Requirement –
Beginning with the line below that contains "Teppich Vinyle 150cm" and ending with the line that contains "阿玛尼红管唇釉405烂番茄色丝绒哑光显白", retype every line exactly. Pictures are not copied.

Provided data –
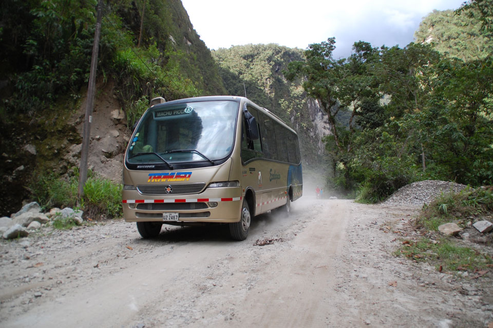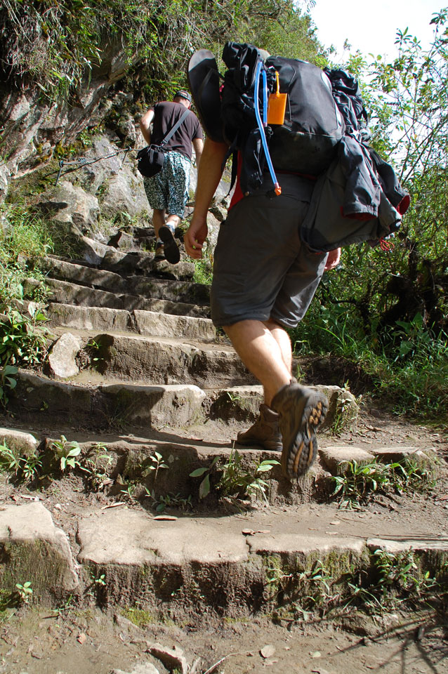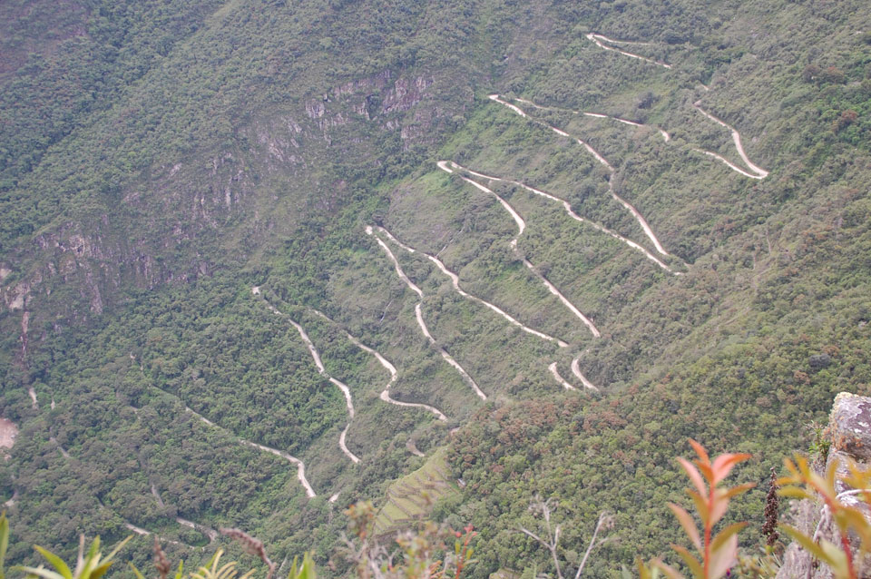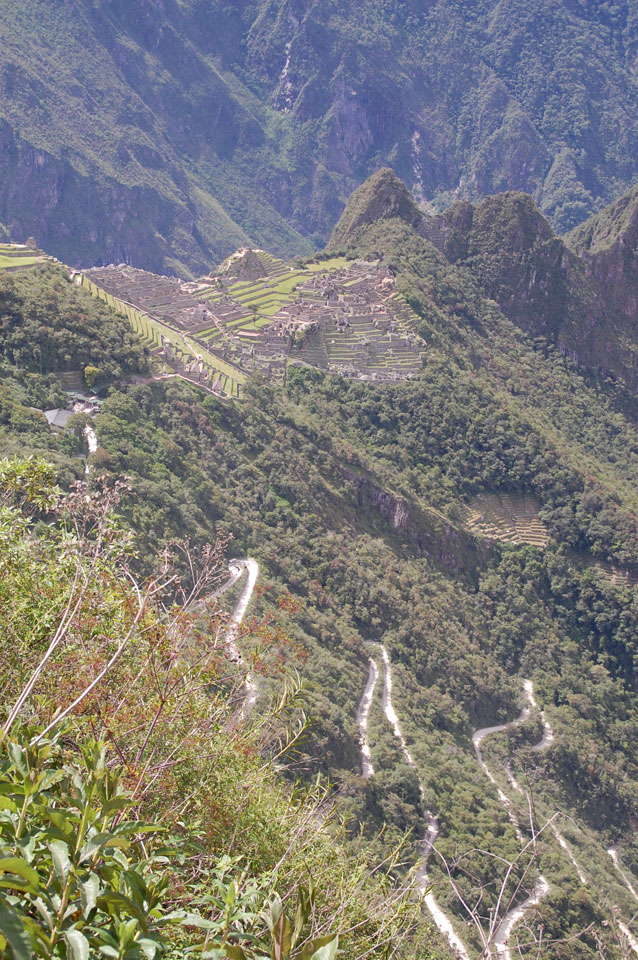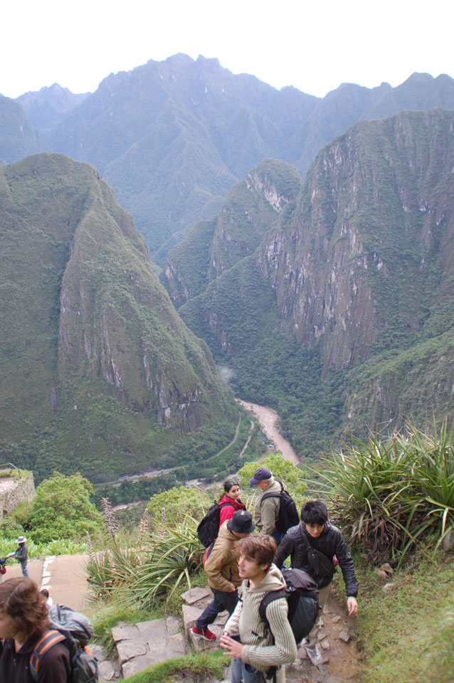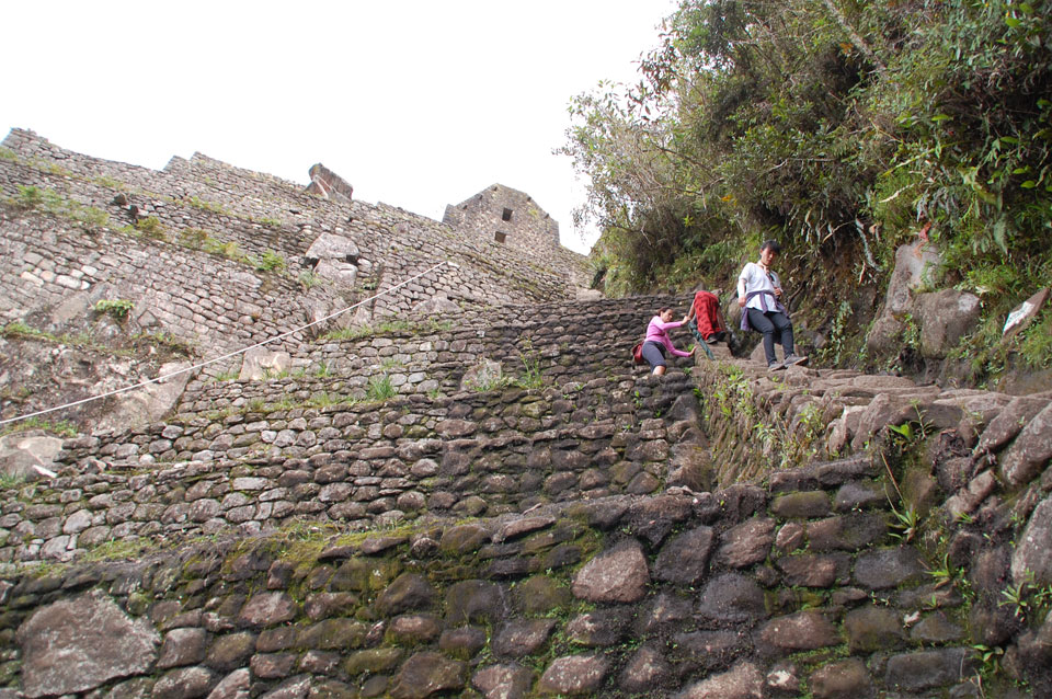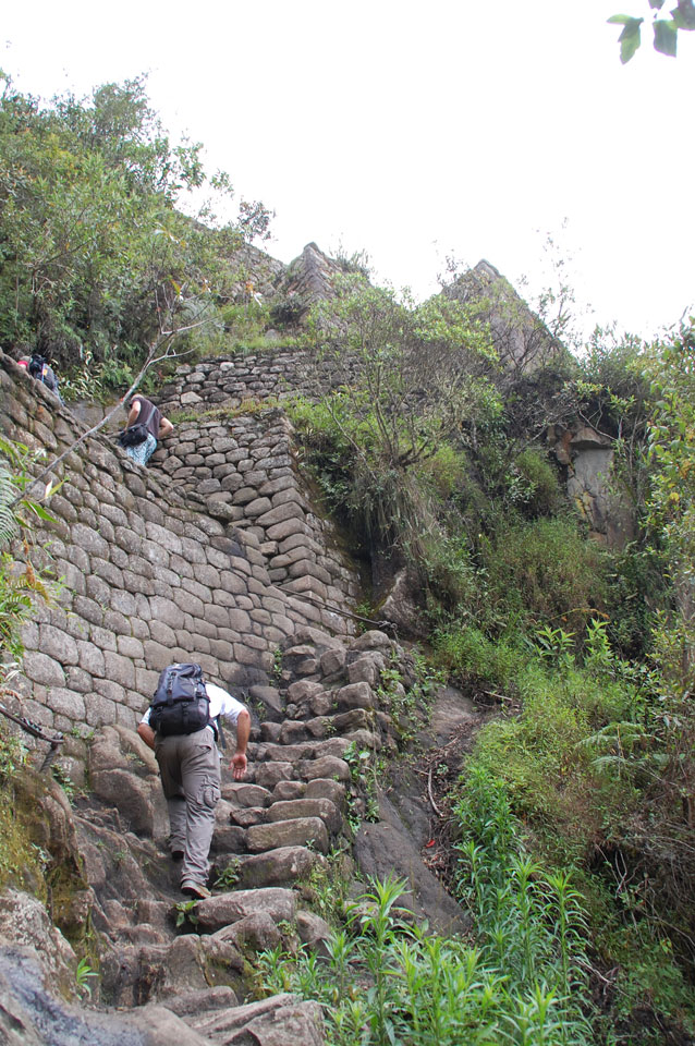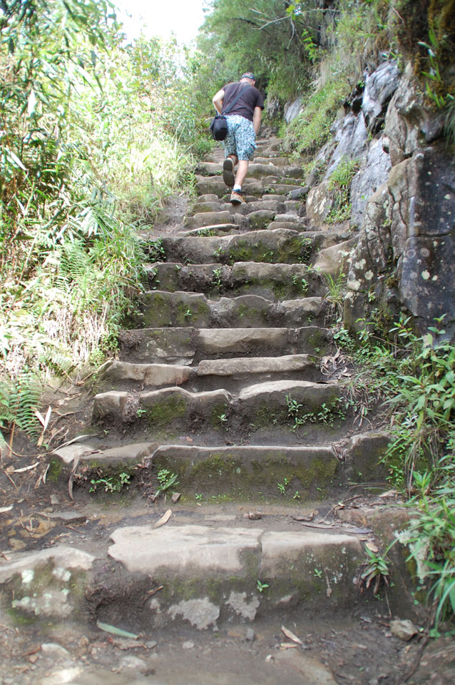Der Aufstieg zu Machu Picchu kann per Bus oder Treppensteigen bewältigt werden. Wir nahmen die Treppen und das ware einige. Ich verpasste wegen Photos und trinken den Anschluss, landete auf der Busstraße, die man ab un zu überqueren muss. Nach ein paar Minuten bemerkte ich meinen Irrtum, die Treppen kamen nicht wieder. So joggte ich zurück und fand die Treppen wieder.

---

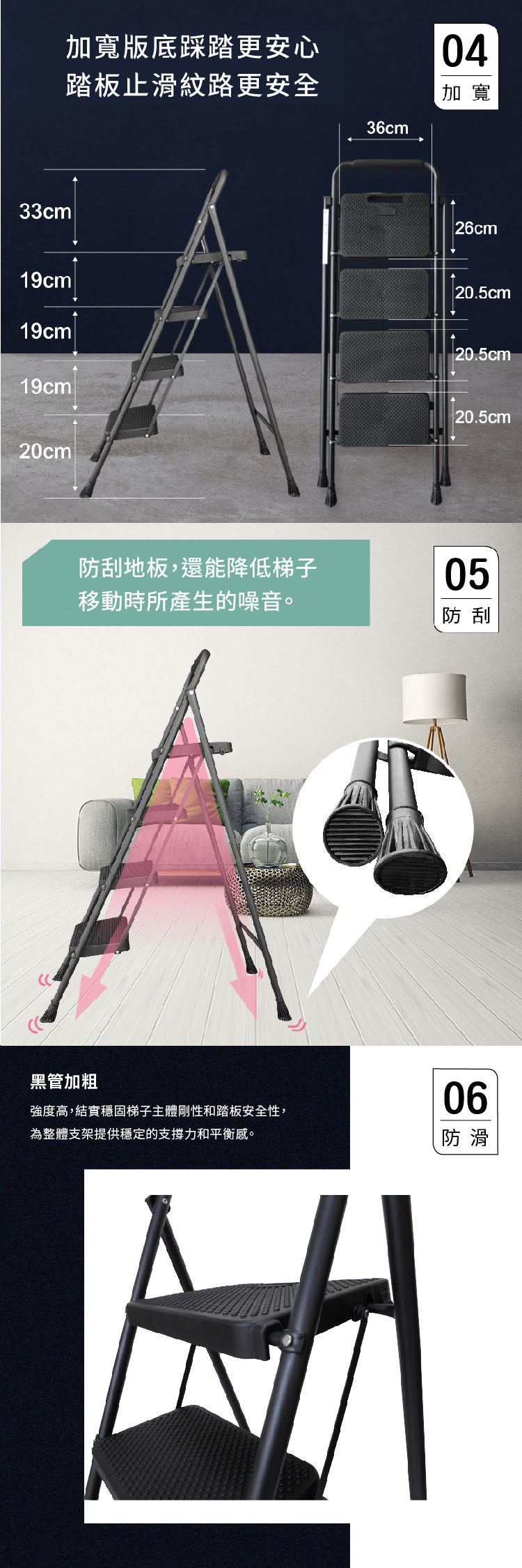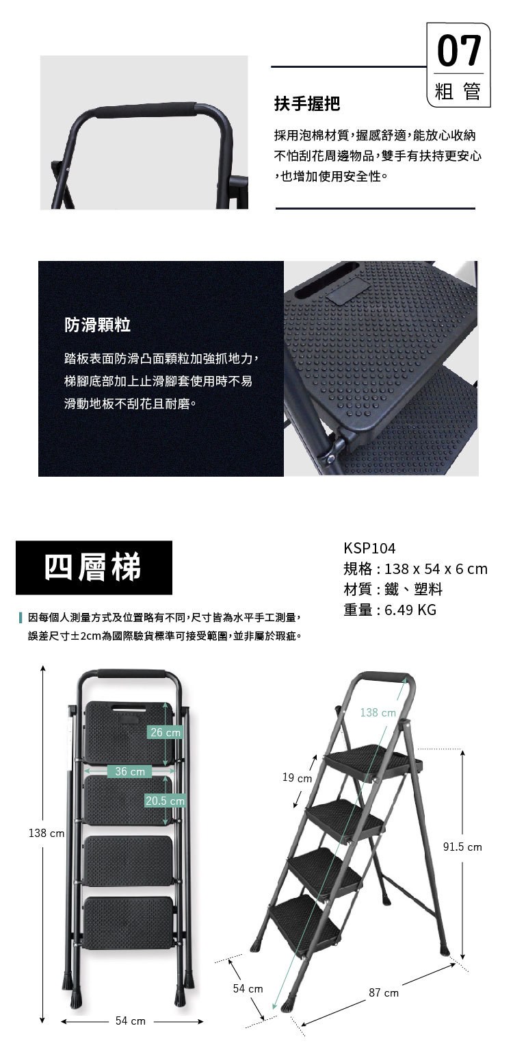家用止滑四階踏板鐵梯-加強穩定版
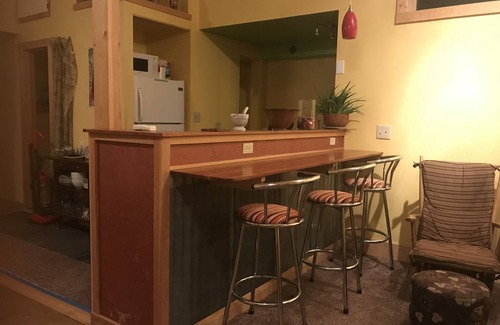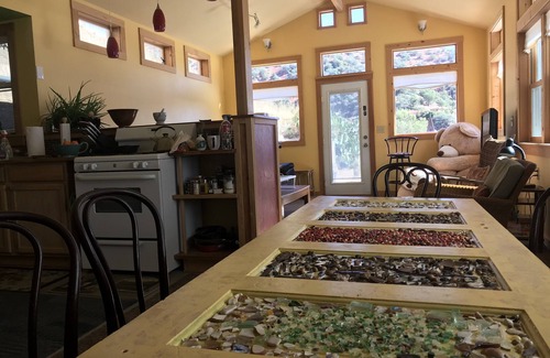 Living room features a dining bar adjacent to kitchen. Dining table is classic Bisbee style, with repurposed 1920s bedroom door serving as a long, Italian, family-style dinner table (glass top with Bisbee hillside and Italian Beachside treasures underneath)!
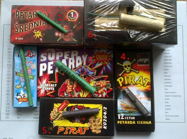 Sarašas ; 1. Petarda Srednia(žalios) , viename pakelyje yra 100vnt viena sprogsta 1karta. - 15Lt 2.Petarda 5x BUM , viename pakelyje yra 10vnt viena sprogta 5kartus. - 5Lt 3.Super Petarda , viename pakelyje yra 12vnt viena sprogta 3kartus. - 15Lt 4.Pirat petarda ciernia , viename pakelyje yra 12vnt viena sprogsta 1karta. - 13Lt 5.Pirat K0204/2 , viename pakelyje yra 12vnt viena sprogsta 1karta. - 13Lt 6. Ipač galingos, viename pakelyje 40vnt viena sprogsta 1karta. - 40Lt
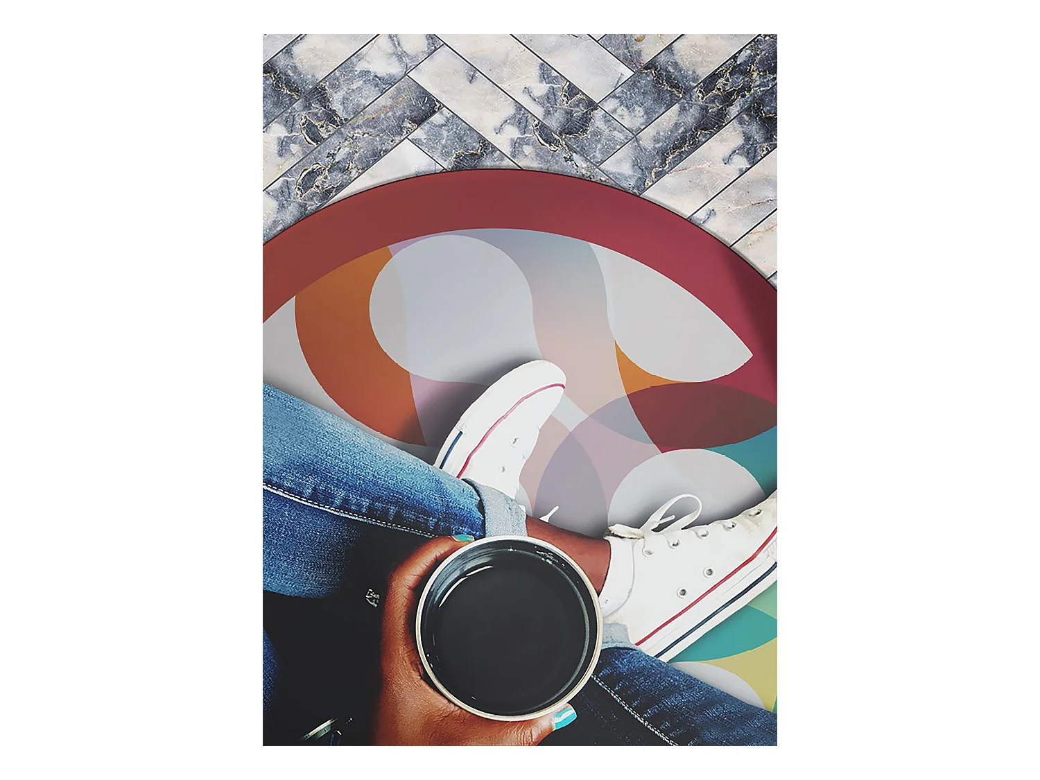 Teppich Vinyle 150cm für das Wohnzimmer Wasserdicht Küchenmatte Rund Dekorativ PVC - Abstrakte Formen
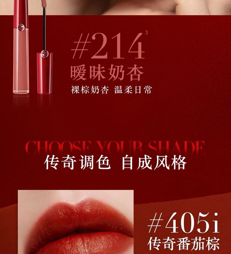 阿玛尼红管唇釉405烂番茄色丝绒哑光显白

--

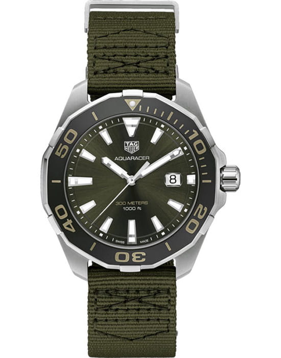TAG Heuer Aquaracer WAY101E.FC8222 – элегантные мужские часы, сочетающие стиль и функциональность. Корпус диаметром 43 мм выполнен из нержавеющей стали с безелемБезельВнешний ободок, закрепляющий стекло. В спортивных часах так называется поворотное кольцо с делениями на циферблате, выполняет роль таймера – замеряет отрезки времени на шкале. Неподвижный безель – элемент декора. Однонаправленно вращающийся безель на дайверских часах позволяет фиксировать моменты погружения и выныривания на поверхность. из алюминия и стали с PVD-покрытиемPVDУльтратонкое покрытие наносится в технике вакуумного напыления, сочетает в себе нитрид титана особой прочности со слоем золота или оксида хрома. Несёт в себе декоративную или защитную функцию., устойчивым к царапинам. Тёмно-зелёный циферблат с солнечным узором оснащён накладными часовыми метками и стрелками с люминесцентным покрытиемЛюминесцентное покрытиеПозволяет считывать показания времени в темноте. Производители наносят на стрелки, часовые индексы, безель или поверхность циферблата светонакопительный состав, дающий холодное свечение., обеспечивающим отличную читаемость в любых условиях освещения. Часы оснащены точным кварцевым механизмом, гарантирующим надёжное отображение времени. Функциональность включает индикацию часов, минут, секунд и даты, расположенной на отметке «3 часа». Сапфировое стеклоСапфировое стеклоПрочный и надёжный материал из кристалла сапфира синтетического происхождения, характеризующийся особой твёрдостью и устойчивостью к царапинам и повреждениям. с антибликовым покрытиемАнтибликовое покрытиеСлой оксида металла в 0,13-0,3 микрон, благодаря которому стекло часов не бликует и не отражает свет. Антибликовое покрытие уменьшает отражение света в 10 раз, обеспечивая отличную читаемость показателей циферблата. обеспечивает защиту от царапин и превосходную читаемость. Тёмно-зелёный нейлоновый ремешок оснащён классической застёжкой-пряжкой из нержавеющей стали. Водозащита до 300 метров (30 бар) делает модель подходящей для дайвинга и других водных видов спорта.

Exercise response –
 Teppich Vinyle 150cm für das Wohnzimmer Wasserdicht Küchenmatte Rund Dekorativ PVC - Abstrakte Formen
 阿玛尼红管唇釉405烂番茄色丝绒哑光显白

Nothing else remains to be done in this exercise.